2 What kind of thumb release can / should I get (price somewhere around $100-150) - also are there advantages to learning with the thumb press releases as opposed to the 'lever' like releases? I've heard it's ALL how it feels, but was wondering if anyone thinks otherwise?

3 Should I get any additional equipment for the bow, like new strings (for now? are they vital if the bow shoots pretty good at the moment? the 'peep' hole doesn't ever seem to be "see thru-able" after I draw back) or maybe a rear stabilizer (not sure if there is such a thing but noticed another screw-able hole on the inside of the bow facing me, opposite side from where I normally screw in the stinger stablilizer I've got onto the front)

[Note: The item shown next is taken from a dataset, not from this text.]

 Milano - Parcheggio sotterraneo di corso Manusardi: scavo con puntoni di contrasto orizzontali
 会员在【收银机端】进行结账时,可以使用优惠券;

4 If you know anything about it, how do big time sponsors (Hoyt, Martins, etc.) get a hold of you, like mainly through Archery club tournaments? or do I contact them?

Thanks/God Bless 
[email protected]


----------



## aread (Dec 25, 2009)

mhursh8 said:


> Reasons for my post are:
> 
> 1 Seeking a coach or mentor that would be able to help guide me into a possible professional career (or in the general direction of someone of that background). I completely realize it will be extremely demanding but I am very strong willed and learn VERY quickly. For coaches in Oklahoma, pm AT member "Danial Boone". He is from that area and is quite knowledgable.
> 
> ...


----------



## mhursh8 (Jul 26, 2011)

Thanks so much man, I'll definatly pm those guys and head to a dealer here in town to check the specifications. I think the place that sold it to me has it close to my body type but i'll double check. Also do u recommend a specific type of string for target archery or does it not really matter besides color? Theres a place near my house that makes custom strings and will set them & bow to fit me for a package deal of 105.00. Or whats the general price range I should shoot for to get the best quality for the money? Thx m8!


----------



## aread (Dec 25, 2009)

The most stable strings are made from BCY's 452X or Trophy Or Brownell's Astro Flight. 

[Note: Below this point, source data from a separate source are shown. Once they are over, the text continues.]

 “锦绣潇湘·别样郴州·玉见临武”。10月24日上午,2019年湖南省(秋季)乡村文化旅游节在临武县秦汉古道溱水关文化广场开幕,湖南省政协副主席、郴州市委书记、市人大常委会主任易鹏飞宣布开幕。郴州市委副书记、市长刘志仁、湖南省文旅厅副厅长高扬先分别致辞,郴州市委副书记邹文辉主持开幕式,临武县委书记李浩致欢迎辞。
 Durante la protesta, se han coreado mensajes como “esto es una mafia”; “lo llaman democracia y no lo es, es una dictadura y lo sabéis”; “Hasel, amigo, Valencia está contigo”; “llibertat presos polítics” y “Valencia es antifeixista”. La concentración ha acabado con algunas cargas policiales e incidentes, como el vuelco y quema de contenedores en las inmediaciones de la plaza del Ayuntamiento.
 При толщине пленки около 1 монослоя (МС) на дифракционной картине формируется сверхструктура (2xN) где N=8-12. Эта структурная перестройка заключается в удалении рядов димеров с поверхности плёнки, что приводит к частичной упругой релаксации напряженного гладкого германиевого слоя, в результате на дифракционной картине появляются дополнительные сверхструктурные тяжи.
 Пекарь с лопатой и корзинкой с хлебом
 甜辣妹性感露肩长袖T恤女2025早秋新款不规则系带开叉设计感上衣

$105 doesn't sound too bad if he does a good job of putting them on and getting the timing, ATA & brace height properly set. However, I build my own strings and don't really know the going rate for this.

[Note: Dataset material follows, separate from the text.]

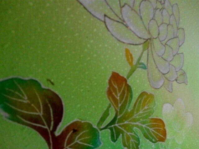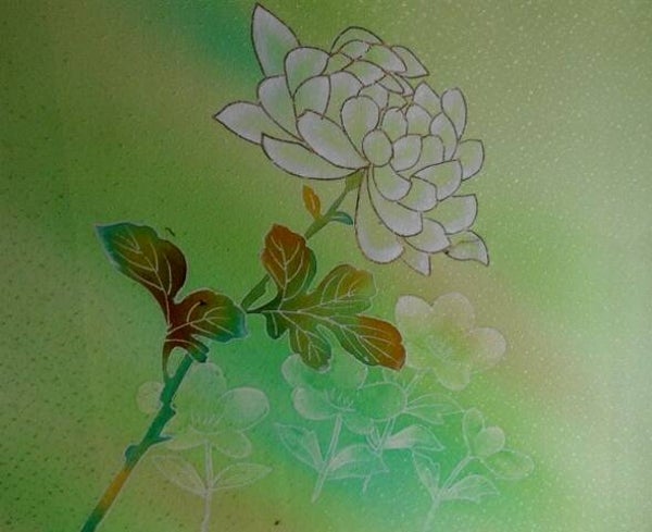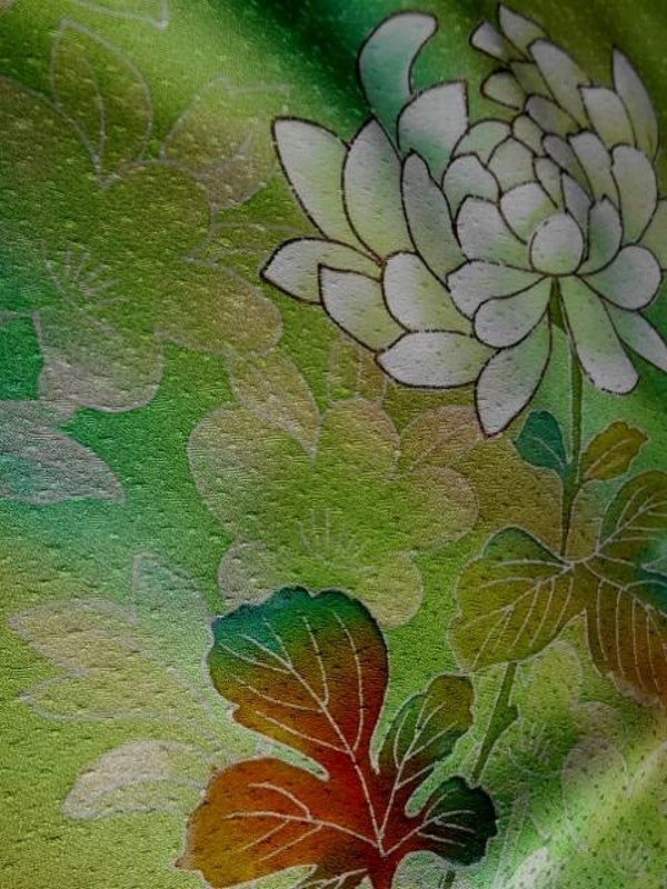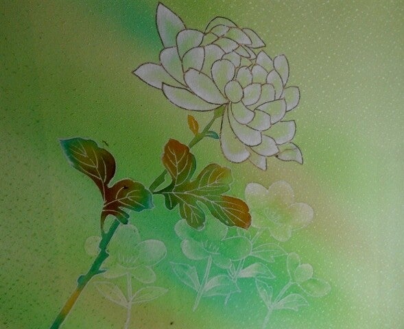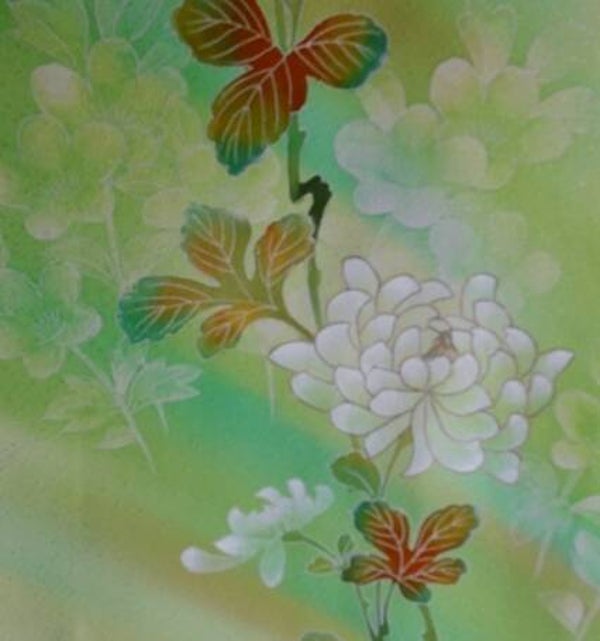 Antieke/vintage kimonozijde handgeschilderd Yuzen met heldere bloemen. Enkele bloemen hebben subtiele goudrandjes. De kunstenaar heeft lichtgroene en aqua tinten als basis van de zijde gebruikt. De zijde zelf is prachtig geweven met kleine verheffingen.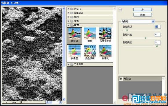 | 4、执行菜单栏中的“滤镜”“纹理”“龟裂缝”命令,设置裂缝间距为12,深度为6,亮度为9,如图06所示,图像效果如图07所示。 |

Hopefully some of the others will be able to comment on this.

Allen


----------



## mhursh8 (Jul 26, 2011)

Ah i see, i'll do some more reading and look up some places close-by to see if they have those. I appreciate your help, it's exciting getting into all of this. As far as finger releases go, is there any particular brand I should scope out or is it whatever feels right? Reason I ask is dn't wana get a great release that feels good then hav it break or wear out quickly due to it's manufacturer. I've heard good things about "carters" or "just b cuz" 3 fingered releases?

Another question, about sights. I have a slightly magnified old sight that can be put on and taken off the bow. Is there an advantage to getting a 5 pin non magnified sight if i'm gna be shooting 3D or will I be good with what I have for right now?


----------



## aread (Dec 25, 2009)

Jerry Carter is a genius at designing new releases. He has a lineup with at least one model to fit everyone. Carter customer service has a good reputation too. However, there are good releases made by Zenith, Stan, Tru-Ball and others. I've shot Zenith hinge releases for many years, but haven't had a reason to test Joe's customer service. He has always been very responsive to any questions. He's an active poster here on AT also.

You probably can't try them all, but try as many as you can, pick one that feels good and stick with it. I like to have two identical releases. One of them is set a tiny bit slower than the other. It helps avoid anticipation.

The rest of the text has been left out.